Work request: Only the lines in the entries below from the line with "Ordu’nun Ünye ilçesinde" to the line with "이번 공간은 회사의 사명인", both included, belong in the answer, transcribed exactly and without pictures.

Data for the task:
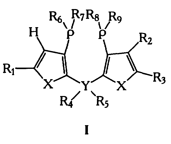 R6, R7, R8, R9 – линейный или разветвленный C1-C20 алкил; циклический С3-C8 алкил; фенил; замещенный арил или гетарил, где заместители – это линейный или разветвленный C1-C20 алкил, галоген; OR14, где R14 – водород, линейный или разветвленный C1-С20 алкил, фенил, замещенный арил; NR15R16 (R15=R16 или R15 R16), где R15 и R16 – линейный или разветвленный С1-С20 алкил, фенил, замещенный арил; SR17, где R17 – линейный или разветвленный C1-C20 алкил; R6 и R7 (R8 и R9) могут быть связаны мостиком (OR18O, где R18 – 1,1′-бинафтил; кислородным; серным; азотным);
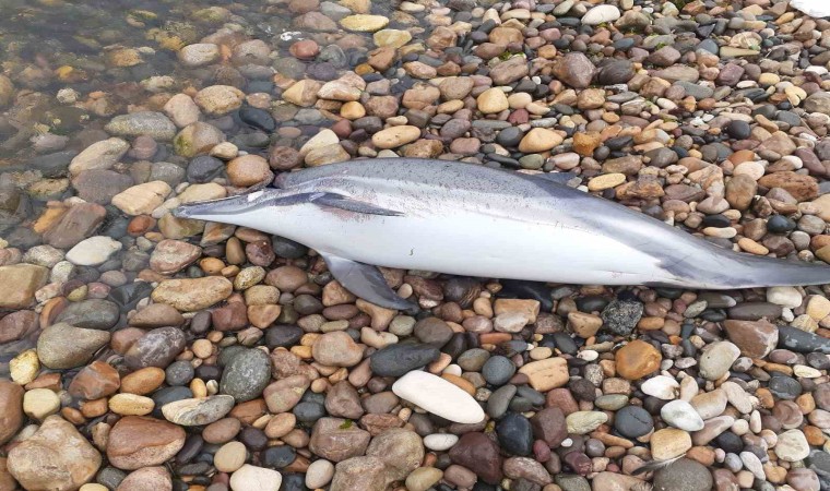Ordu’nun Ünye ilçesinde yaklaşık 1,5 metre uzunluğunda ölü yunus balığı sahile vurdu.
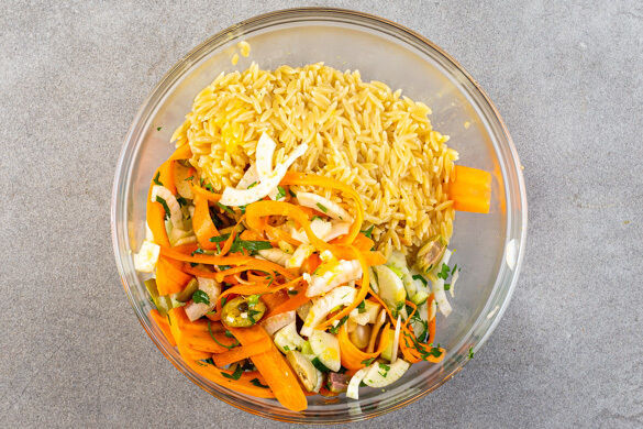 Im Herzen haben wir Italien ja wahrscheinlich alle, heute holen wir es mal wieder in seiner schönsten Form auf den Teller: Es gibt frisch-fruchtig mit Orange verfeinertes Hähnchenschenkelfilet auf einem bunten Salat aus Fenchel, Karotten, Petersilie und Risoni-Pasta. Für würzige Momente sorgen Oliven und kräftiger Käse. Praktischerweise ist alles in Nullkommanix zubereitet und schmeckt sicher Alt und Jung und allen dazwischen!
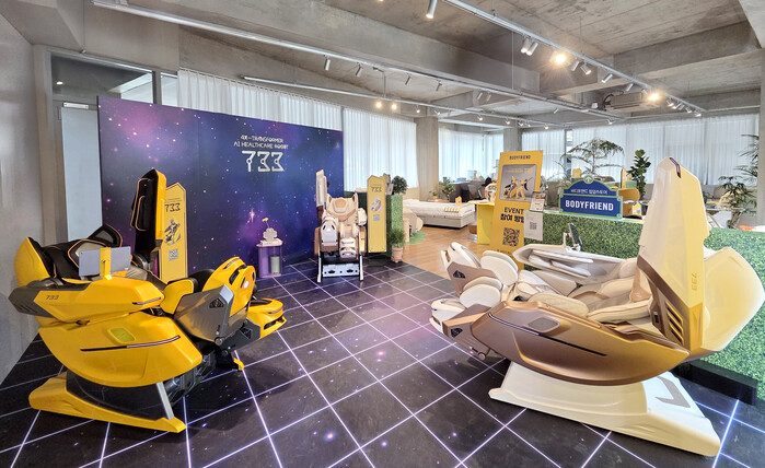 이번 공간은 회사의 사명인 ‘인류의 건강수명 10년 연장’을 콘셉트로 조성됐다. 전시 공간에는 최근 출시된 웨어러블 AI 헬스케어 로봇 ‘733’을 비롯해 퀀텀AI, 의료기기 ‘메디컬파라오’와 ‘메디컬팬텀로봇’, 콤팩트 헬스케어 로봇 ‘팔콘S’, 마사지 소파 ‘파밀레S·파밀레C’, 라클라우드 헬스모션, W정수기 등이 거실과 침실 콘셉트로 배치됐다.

...

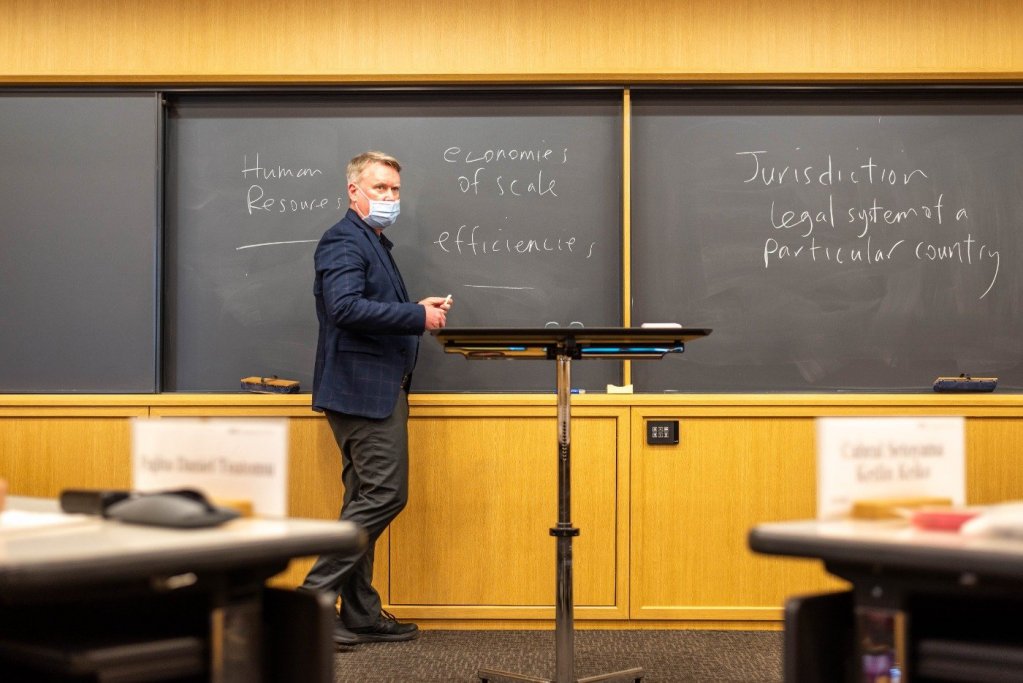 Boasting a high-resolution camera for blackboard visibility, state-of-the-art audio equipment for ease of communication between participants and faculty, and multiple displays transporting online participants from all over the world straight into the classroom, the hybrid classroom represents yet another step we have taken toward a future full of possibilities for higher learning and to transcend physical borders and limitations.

Worked solution:
Ordu’nun Ünye ilçesinde yaklaşık 1,5 metre uzunluğunda ölü yunus balığı sahile vurdu.
 Im Herzen haben wir Italien ja wahrscheinlich alle, heute holen wir es mal wieder in seiner schönsten Form auf den Teller: Es gibt frisch-fruchtig mit Orange verfeinertes Hähnchenschenkelfilet auf einem bunten Salat aus Fenchel, Karotten, Petersilie und Risoni-Pasta. Für würzige Momente sorgen Oliven und kräftiger Käse. Praktischerweise ist alles in Nullkommanix zubereitet und schmeckt sicher Alt und Jung und allen dazwischen!
 이번 공간은 회사의 사명인 ‘인류의 건강수명 10년 연장’을 콘셉트로 조성됐다. 전시 공간에는 최근 출시된 웨어러블 AI 헬스케어 로봇 ‘733’을 비롯해 퀀텀AI, 의료기기 ‘메디컬파라오’와 ‘메디컬팬텀로봇’, 콤팩트 헬스케어 로봇 ‘팔콘S’, 마사지 소파 ‘파밀레S·파밀레C’, 라클라우드 헬스모션, W정수기 등이 거실과 침실 콘셉트로 배치됐다.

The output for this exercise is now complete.